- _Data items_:
-------
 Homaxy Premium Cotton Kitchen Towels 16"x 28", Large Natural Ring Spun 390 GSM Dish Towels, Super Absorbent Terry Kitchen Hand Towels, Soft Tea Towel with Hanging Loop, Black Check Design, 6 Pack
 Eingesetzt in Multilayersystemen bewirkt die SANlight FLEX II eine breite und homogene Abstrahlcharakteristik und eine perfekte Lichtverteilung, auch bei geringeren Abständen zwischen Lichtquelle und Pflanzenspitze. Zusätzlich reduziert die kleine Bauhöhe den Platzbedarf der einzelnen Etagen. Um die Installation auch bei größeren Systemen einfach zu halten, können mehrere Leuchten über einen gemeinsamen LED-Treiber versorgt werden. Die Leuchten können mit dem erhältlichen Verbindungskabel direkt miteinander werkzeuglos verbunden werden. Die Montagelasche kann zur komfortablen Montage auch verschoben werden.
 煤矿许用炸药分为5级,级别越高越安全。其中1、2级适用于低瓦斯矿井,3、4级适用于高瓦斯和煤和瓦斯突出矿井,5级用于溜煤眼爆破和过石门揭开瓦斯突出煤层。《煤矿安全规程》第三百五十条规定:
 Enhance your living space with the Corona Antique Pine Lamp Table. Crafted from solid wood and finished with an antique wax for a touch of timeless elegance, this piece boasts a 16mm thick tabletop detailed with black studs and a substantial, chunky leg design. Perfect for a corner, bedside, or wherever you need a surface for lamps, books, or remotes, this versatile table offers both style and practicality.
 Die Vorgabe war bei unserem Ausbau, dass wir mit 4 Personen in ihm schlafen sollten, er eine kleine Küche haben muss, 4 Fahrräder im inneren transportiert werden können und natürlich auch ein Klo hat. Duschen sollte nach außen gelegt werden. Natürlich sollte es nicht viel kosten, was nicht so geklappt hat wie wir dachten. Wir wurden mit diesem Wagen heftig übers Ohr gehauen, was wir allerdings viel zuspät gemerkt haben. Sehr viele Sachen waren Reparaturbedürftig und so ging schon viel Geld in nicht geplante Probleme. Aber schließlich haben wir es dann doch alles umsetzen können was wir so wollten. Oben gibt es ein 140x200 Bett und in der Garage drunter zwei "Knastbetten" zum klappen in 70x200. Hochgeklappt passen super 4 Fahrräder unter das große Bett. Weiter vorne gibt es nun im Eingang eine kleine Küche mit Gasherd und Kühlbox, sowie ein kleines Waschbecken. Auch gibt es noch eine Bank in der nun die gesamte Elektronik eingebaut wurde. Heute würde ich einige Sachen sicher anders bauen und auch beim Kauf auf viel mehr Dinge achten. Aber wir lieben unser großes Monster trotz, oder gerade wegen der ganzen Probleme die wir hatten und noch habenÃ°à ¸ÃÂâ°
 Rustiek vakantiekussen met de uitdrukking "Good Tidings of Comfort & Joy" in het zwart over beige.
-------
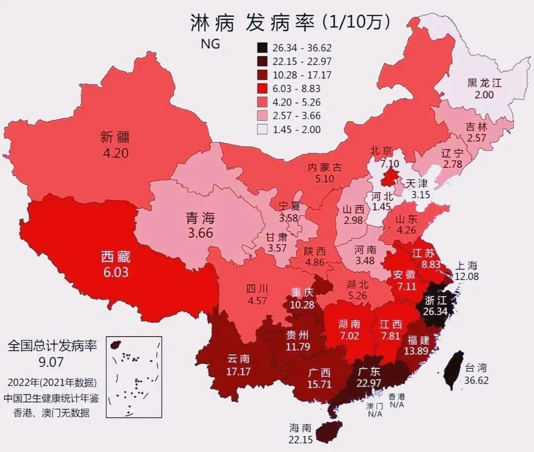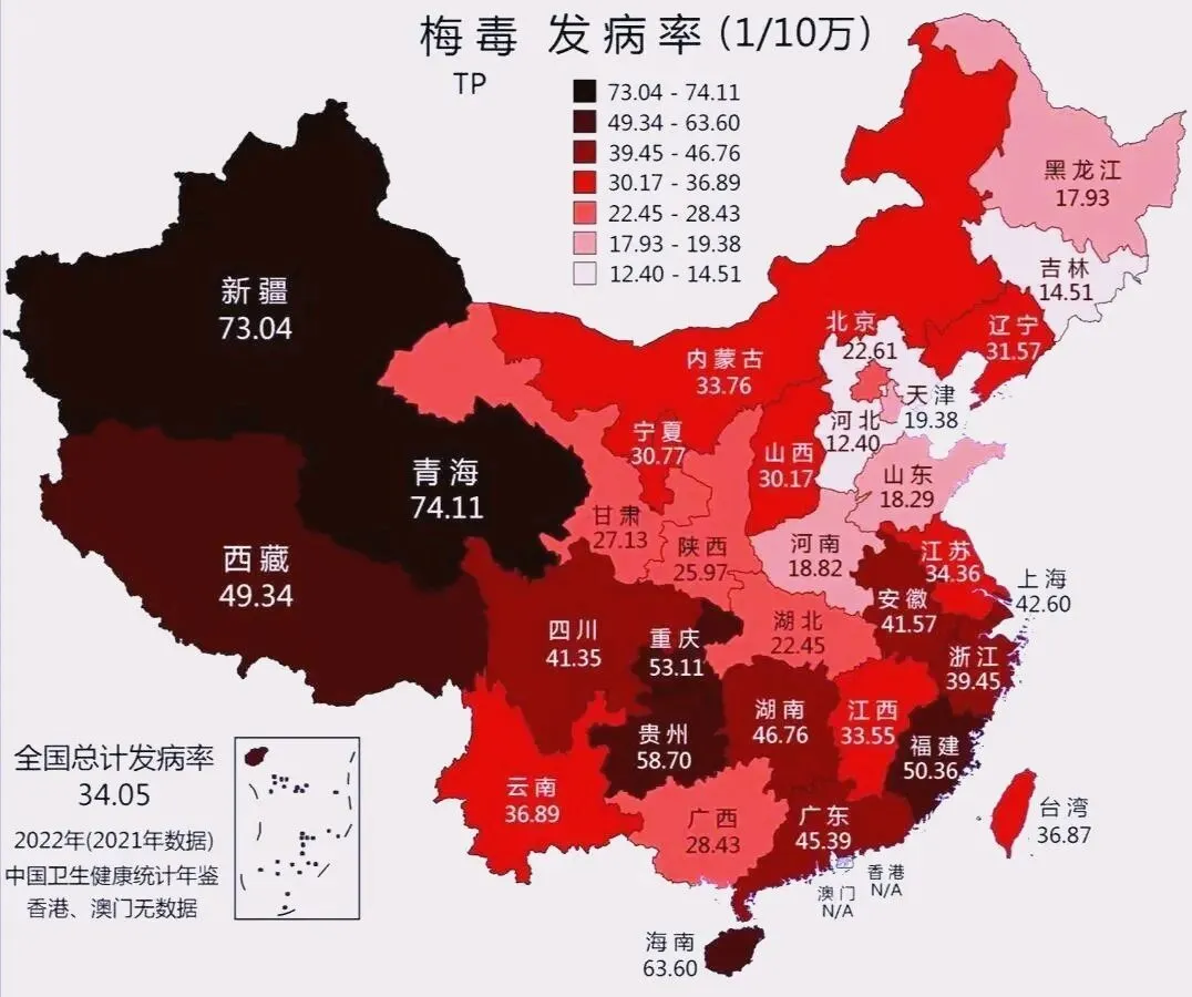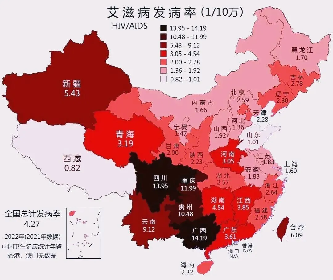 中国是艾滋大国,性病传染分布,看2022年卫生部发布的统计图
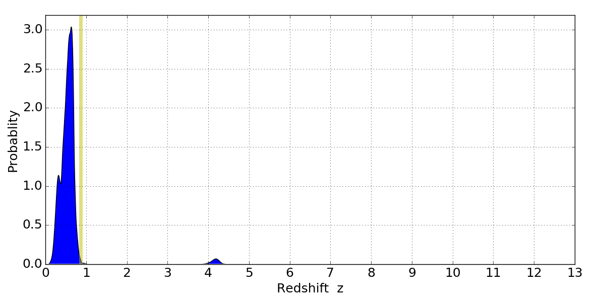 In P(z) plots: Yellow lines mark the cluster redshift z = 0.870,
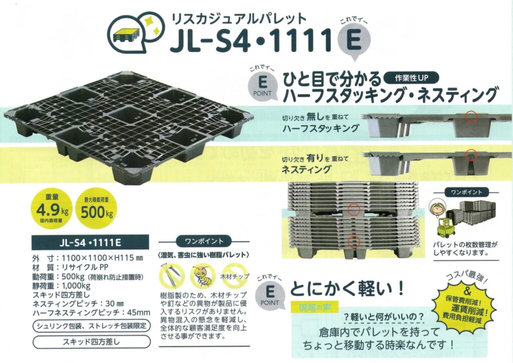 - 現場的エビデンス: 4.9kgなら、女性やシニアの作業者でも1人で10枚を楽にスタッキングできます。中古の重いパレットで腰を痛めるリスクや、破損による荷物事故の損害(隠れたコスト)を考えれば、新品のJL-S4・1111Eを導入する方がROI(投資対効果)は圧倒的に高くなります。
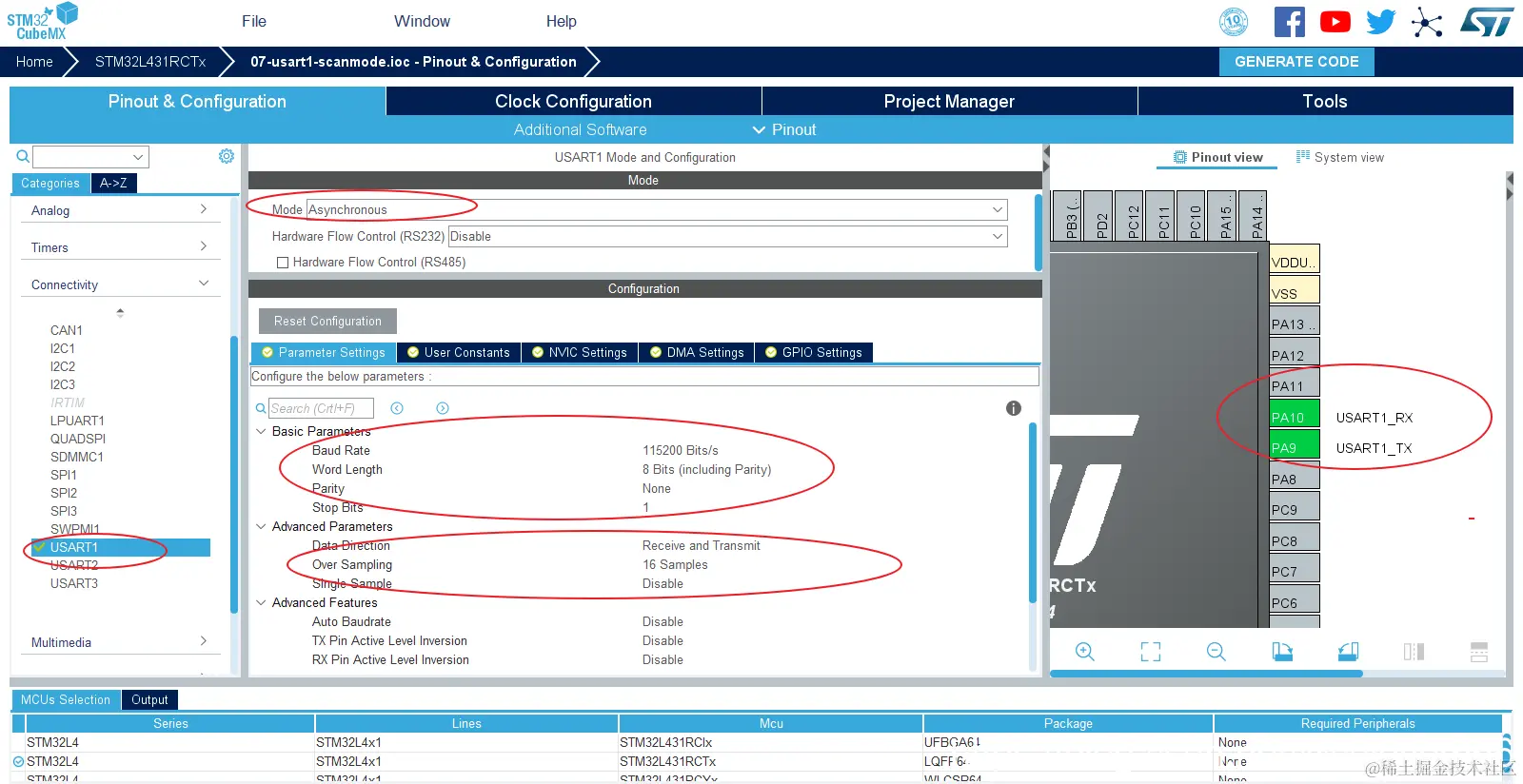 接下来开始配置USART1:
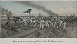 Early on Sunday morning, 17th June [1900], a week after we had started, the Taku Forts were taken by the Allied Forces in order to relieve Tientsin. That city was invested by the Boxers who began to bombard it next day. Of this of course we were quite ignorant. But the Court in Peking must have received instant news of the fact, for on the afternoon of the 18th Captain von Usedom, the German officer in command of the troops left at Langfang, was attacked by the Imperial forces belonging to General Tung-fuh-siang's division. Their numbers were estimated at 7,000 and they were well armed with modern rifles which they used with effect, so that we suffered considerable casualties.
-------
- _PROMPT_: From the entries above, copy exactly the lines starting at the one with "In P(z) plots: Yellow" and stopping at the one with "Early on Sunday", keeping both ends. Drop the pictures.

- _RESPONSE_:
 In P(z) plots: Yellow lines mark the cluster redshift z = 0.870,
 - 現場的エビデンス: 4.9kgなら、女性やシニアの作業者でも1人で10枚を楽にスタッキングできます。中古の重いパレットで腰を痛めるリスクや、破損による荷物事故の損害(隠れたコスト)を考えれば、新品のJL-S4・1111Eを導入する方がROI(投資対効果)は圧倒的に高くなります。
 接下来开始配置USART1:
 Early on Sunday morning, 17th June [1900], a week after we had started, the Taku Forts were taken by the Allied Forces in order to relieve Tientsin. That city was invested by the Boxers who began to bombard it next day. Of this of course we were quite ignorant. But the Court in Peking must have received instant news of the fact, for on the afternoon of the 18th Captain von Usedom, the German officer in command of the troops left at Langfang, was attacked by the Imperial forces belonging to General Tung-fuh-siang's division. Their numbers were estimated at 7,000 and they were well armed with modern rifles which they used with effect, so that we suffered considerable casualties.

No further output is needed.